Ewan McGregor plays Jesus and Satan in this hushed, austere and stirringly beautiful drama from writer-director Rodrigo Garcia.
A filmmaker known primarily for his perceptive melodramas about women, from “Things You Can Tell Just By Looking at Her ” to “Mother and Child,” now turns his attention to a primal tale of fathers and sons — including the Son of Man himself — in “Last Days in the Desert,” a quietly captivating and remarkably beautiful account of Jesus’ time in the wilderness before the beginning of his ministry. Deliberately paced, sparely imagined and suffused with mystery, writer-director Rodrigo Garcia’s seventh feature is nonetheless quite lucid and accessible in its themes of empathy, compassion and sacrifice, and grounded by a Christ/Satan dual performance by Ewan McGregor that plays vastly better onscreen than it sounds on paper.
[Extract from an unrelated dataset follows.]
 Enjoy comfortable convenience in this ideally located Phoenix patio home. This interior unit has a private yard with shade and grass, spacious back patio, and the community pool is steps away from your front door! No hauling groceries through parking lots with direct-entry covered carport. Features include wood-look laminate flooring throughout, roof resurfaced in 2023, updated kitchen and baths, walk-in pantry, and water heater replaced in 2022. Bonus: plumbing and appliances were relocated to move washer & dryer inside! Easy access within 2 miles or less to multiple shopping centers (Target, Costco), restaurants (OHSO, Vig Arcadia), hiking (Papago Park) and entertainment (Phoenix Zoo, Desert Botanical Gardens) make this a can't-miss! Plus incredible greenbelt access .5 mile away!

While many will find the drama as arid as its parched surroundings, with a thoughtful and concerted marketing approach the picture might well appeal to art-minded nonbelievers and Christians open-minded enough to accept an off-Scripture narrative.
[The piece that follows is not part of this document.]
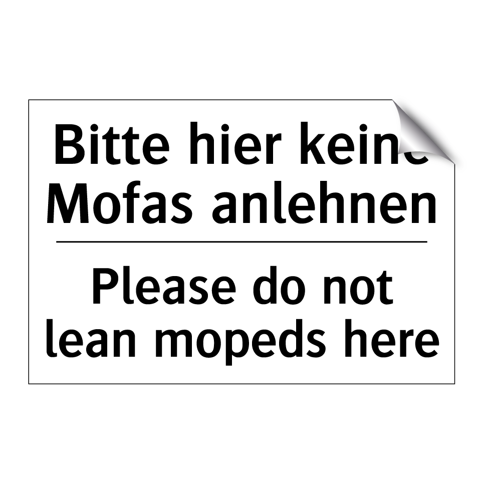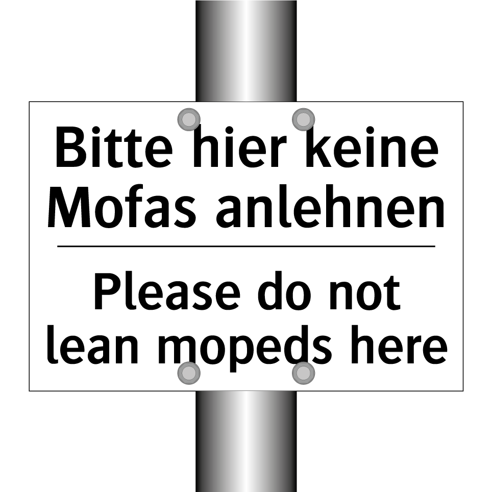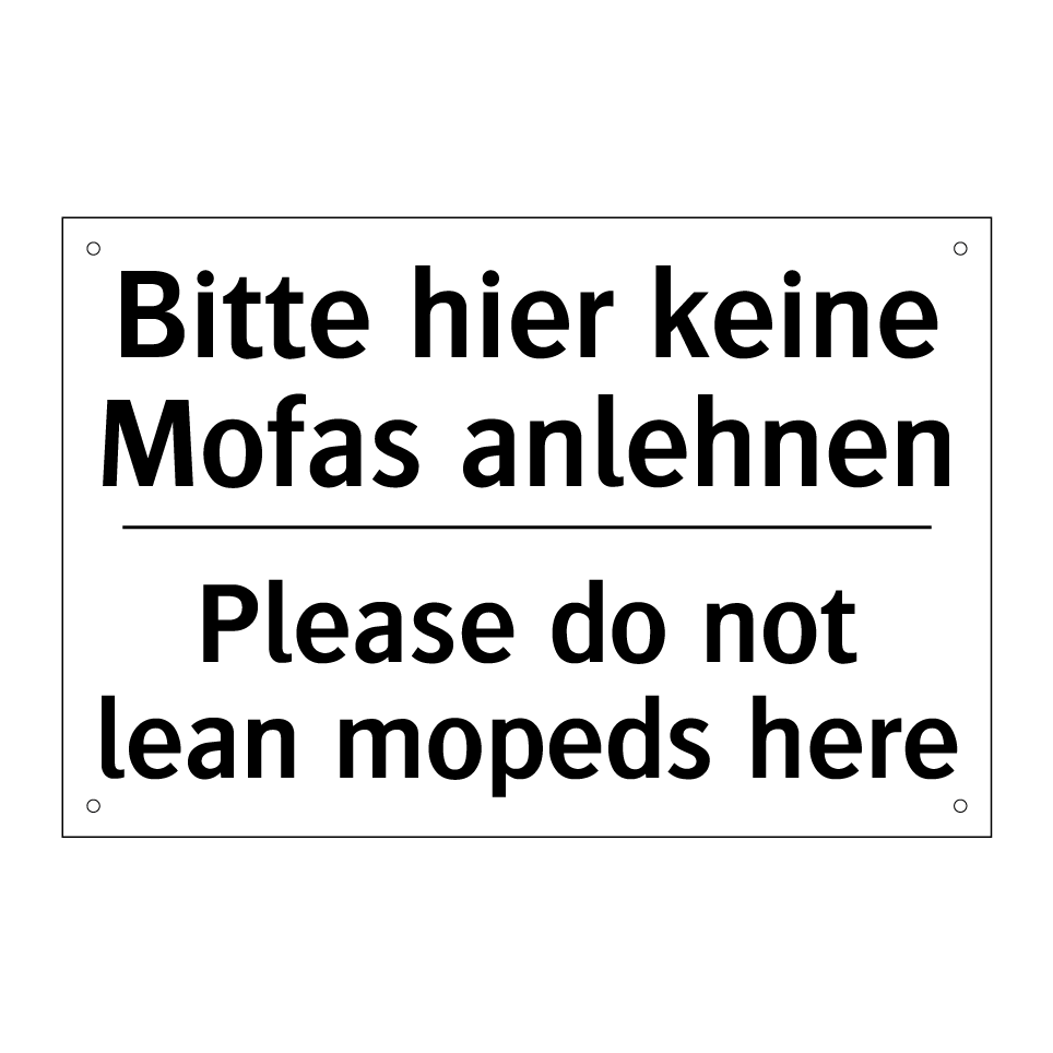 Zweisprachiges Verbotsschild mit deutschem Text Bitte hier keine Mofas anlehnen und englischem Text Please do not lean mopeds here

Certain to elicit the full range of reactions from the faithful and the skeptical alike, “Last Days in the Desert” approaches the figure of Christ — or Yeshua, as he’s referred to here — with tremendous care and tact, yet also with a scrupulous focus on his humanity rather than his divinity. Some may well discern a connection with “The Last Temptation of Christ,” though there’s nothing here that even remotely approaches that film’s controversy-stirring elements. This is a hushed, austere and surpassingly gentle treatment of a brief chapter of Jesus’ life — probably too subdued and speculative for those inclined to find profundity in the self-glorifying “realism” of “The Passion of the Christ,” but a vastly more considered and spiritually probing picture in every respect.